Bonamassa praticamente esquece o acústico, mas empolga o público paulistano

Estadão

13 de agosto de 2013 | 06h48

Marcelo Moreira

Joe Bonamassa, o grande nome do blues da atualidade, maravilhou e decepcionou o público do HSBC Brasil, em São Paulo, na última quinta-feira, 8 de agosto. Anunciado como um show acústico, na esteira da divulgação do combo CD/DVD “An Acoustic Evening at The Vienna Opera House”, lançado há três meses, o evento foi praticamente uma repetição da grande performance do final do ano passado na mesma casa: quase a mesma lista de músicas e os mesmos maneirismos e piadas com outros integrantes da banda. Tudo muito profissional, de alta qualidade. Mas o público que lotou a casa paulista esperava um pouco mais.

O nerd da guitarra, aos 36 anos, continua mais workaholic do que nunca. Saiu de uma rápida mas cansativa turnê europeia com a cantora Beth Hart – os dois acabam de lançar o segundo álbum da parceria, “Seesaw” – e já engatou a turnê sul-americana, que passou também por Buenos Aires. Ele não cansa, gosta mesmo do que faz e até consegue transmitir isso em alguns momentos do show, mas o que se destaca mesmo é a precisão e o profissionalismo, além da qualidade técnica absurda.

O começo parecia promissor, com a execução, sozinho ao violão, de cinco temas acústicos, com destaque para “Seagull” e “Athens to Athens”. Compenetrado e exímio instrumentista, encarnou um verdadeiro concertista e esbanjou competência ao extrair sons inimagináveis, aproveitando a boa acústica da casa e empolgando os espectadores mais acostumados com a sua obra.

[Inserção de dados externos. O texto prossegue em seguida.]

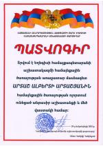 Եղեգիսի համայքապետարանի աշխատակազմի համայնքային ծառայության առաջատար մասնագետ Արտաշ Ալբերտի Արտաշյանը համայնքային ծառայության ոլորտում ունեցած անբասիր աշխատանքի և մեծ վաստակի համար արժանացավ պատվոգրի։

Parte do público, no entanto, se empolgou quando as luzes se acenderam e a banda de apoio entrou, ao mesmo tempo em que Bonamassa apanhava uma das suas guitarras Gibson para injetar o rock no blues pesado que pratica. “Dust Bowl”, um de seus sucessos recentes, incendiou a casa, sendo executada muito alta e com uma pegada mais roqueira do que o normal.

A sequência foi praticamente a mesma do show do ano passado, com as mesmas músicas, na mesma ordem. O guitarrista parece não acreditar que já tem um público consolidado e cativo no Brasil, e preferiu jogar de forma segura, desfilando seus principais sucessos da carreira solo, ignorando as boas canções gravadas com Beth Hart e pinçando apenas “Song of Yesterday” do extinto grupo Black Country Communion – que teve uma homenagem no final ao The Who, com uma citação à mágica “Won’t Get Fooled Again”.

Joe Bonamassa em São Paulo

Se frustrou um pouco as expectativas com um show parecidíssimo com o de 2012, por outro lado agradou em cheio a todos com seu blues rock energético e pesado, contando com uma banda afiada e muito entrosada – agora com a participação especial do amigo Derek Sherinian nos teclados (ex-Dream Theater), com quem tocou recentemente no Black Country Communion.

O desfile de hits manteve a adrenalina em alta: “Dislocated Boy”, “Midnight Blues”, “Driving Towards the Daylight”, “Slow Train”, a belíssima balada “Mountain Time” e o bis repetido de 2012, “Sloe Gin” e “The Ballad of John Henry”, o seu principal sucesso. Mesmo sendo profissional ao extremo, é espantoso como o feeling do músico transforma canções simples em verdadeiras peças energéticas e transbordantes de melodias que fogem do óbvio.

Aclamado como instrumentista e como cantor, Bonamassa mostrou que não faz concessões. Atropela concorrentes como John Mayer no quesito blues genuíno e na pegada rock, assim como deixa para trás nas referências dos dois gêneros contemporâneos como Kenny Wayne Shepherd, Jonny Lang e Derek Trucks. Seus solos são inspirados e espalhafatosos sem que isso seja uma coisa ruim. É um dos seus diferenciais.

O jeitão nerd dá o tom da apresentação inteira. Óculos escuros, quase nenhuma interação com o público, Bonamassa estava preocupado demais em fazer música e desfilar sua classe, com total domínio do palco e do repertório, elevando a guitarra a patamares poucas vezes vistos em terras brasileiras. Até mesmo seus abusos e firulas fazem enorme sentido dentro do contexto a que ele criou. Tudo isso em duas horas que simplesmente se tornam poucas diante de tamanha qualidade e impacto no público. Ao final do show, a pergunta de todos: quando será a próxima visita do grande guitar hero do blues?